As L.A. County’s daily case count has surged to more than 37,000, so have new cases among hospital staff.

“Last week, I think we had 127 of our staff come back testing positive. Every unit is impacted,” said Nancy Blake, chief nursing officer at LAC+ USC Medical Center. “So that's pretty significant. A large number are nurses, but we had respiratory therapists out, we had radiology staff out. So every area moves a little bit slower.”
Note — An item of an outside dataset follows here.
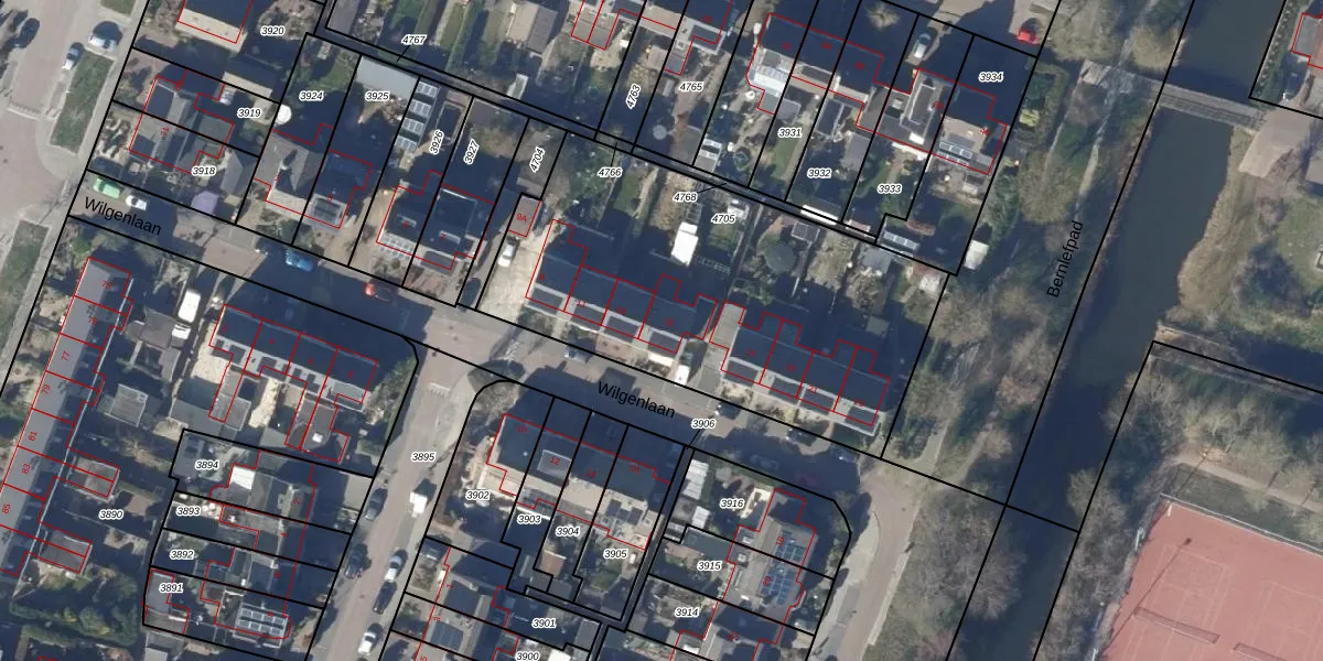 Wilgenlaan 15 is gelegen op kadastraal perceel PCS00A4705. Deze kadastrale aanduiding is uniek en wordt gebruikt door het Kadaster om eigendomsrechten en andere zakelijke rechten vast te leggen. Het perceel maakt onderdeel uit van de kadastrale gemeente Sint Pancras.

Each nurse who tests positive will be out for at least a week, creating a snowball effect. The number of L.A. County health workers testing positive for COVID-19 began to surge in December, hitting numbers not seen since a year ago.

“Because of the holidays, a lot of people got together with friends and family more so than last year. And we know omicron is highly transmissible,” Blake said.

California’s test positivity rate now tops a whopping 21%. In an effort to curb new infections, state health officials on Wednesday extended California’s indoor mask mandate by another month, to Feb. 15.

L.A. County health officials went further, requiring employers to provide medical-grade masks to indoor workers by mid-January. But these efforts may come too late for L.A.’s hospitals, where over one-quarter of the state’s 8,670 COVID-19 patients are being treated.

“We're consolidating nursing staff, and using overtime and administrative nurses to fill the void,” Blake said.

The sheer number of sick staff prompted all four of the hospitals run by the County Department of Health Services to ask the state for help. Blake is hoping for 40 to 50 military medical personnel or travel nurses that she can assign to the emergency room to fill the staffing gaps.

If the staffing shortage doesn't abate soon, the next step would be postponing elective surgeries, such as knee replacements. Blake said that could happen any day at LAC +USC Medical Center. Smaller facilities such as Memorial in Gardena have already stopped, said Metcalfe, the hospital’s CEO.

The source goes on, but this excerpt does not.